▶ _TASK PROMPT_: Images are to be excluded, and the rest of the data repeated exactly.

▶ _SUPPLIED MATERIAL_:
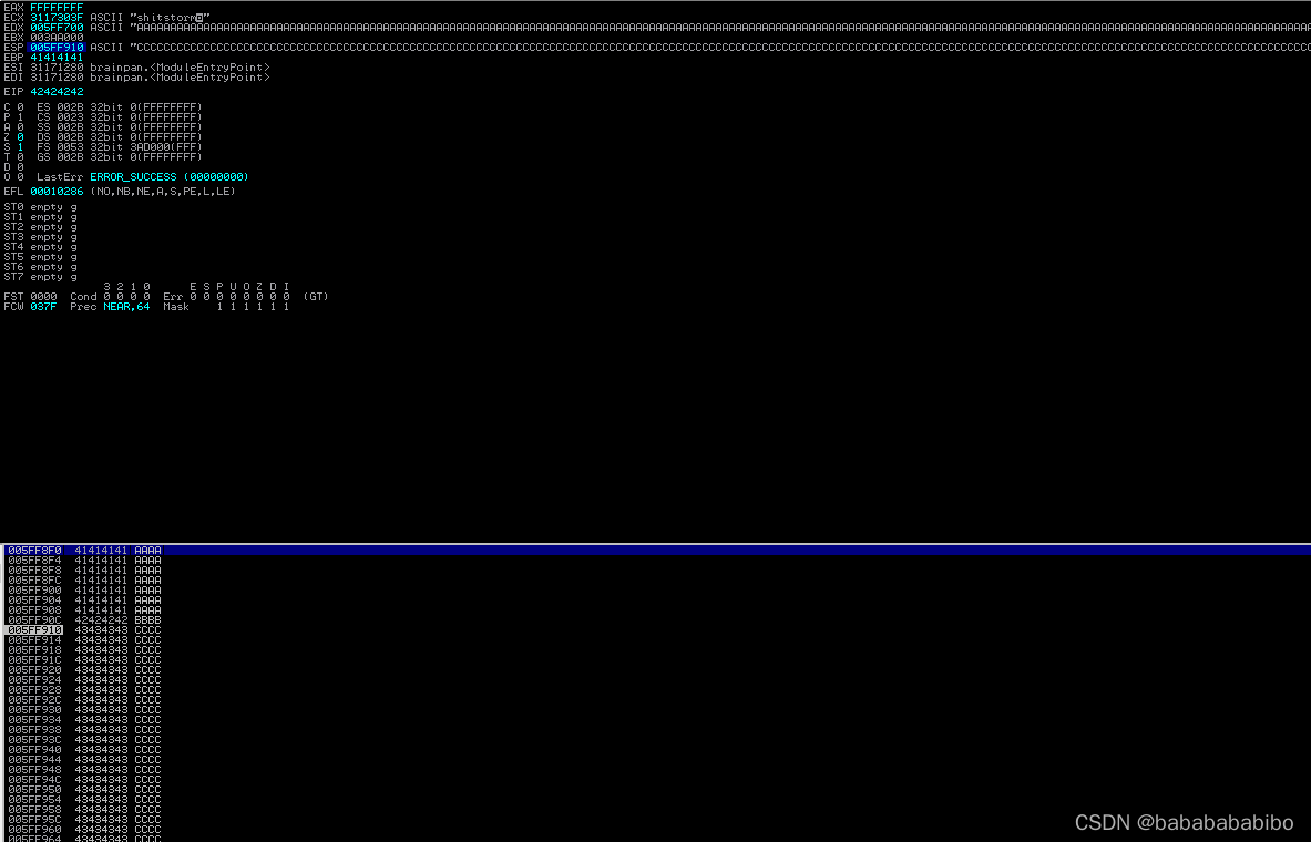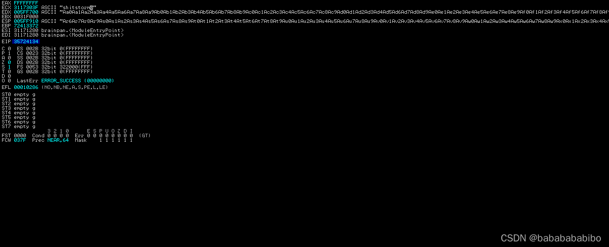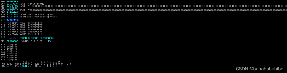 启用调试这个POC后 发现EIP寄存器确实被覆盖
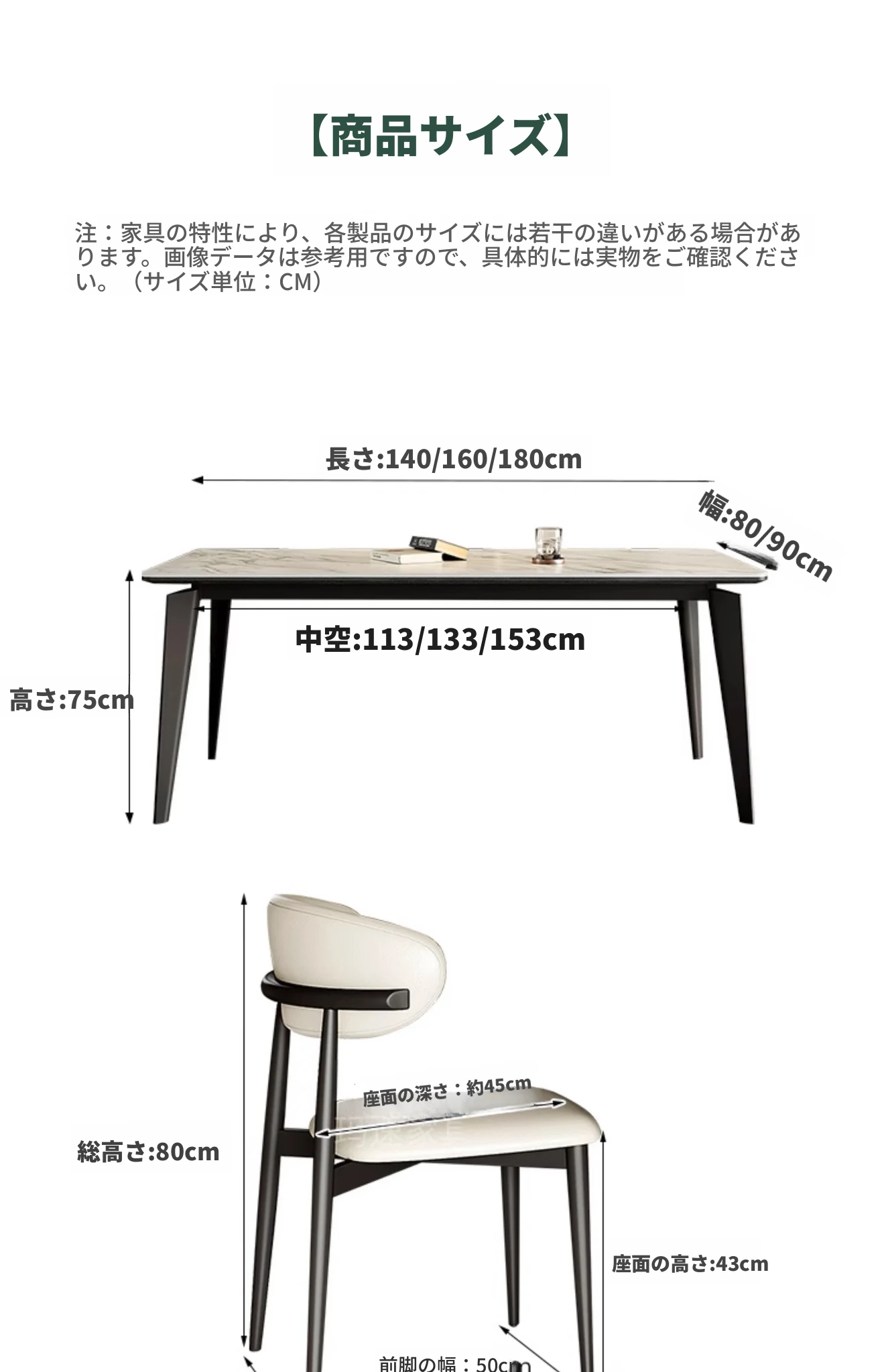 【一流ブランド/全底板】12mm岩板ダイニングテーブル+4椅子
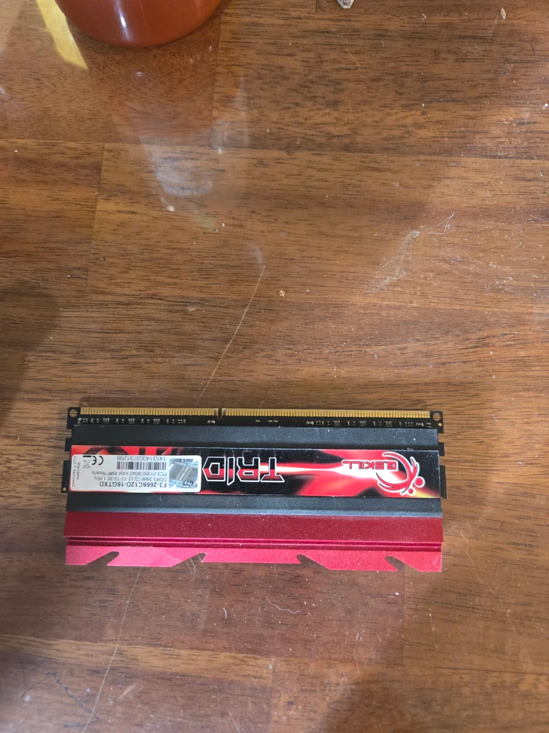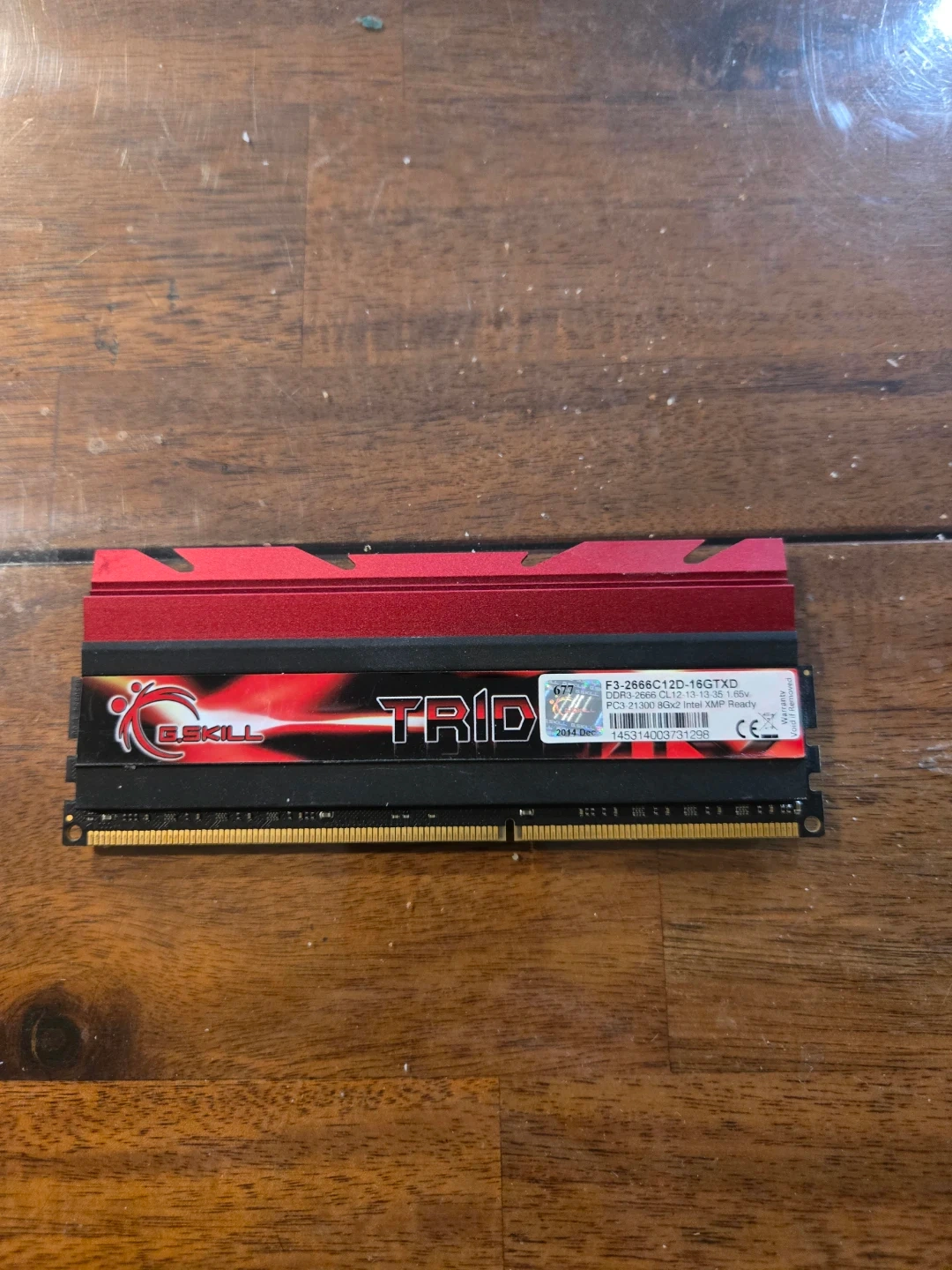 This G.Skill Trident X memory stick is DDR3 2666MHz with a 16GB capacity. It's designed for high-performance computing. Model F3-2666C12D-16GTXD.

▶ _SOLUTION FOR THIS EXERCISE_:
 启用调试这个POC后 发现EIP寄存器确实被覆盖
 【一流ブランド/全底板】12mm岩板ダイニングテーブル+4椅子
 This G.Skill Trident X memory stick is DDR3 2666MHz with a 16GB capacity. It's designed for high-performance computing. Model F3-2666C12D-16GTXD.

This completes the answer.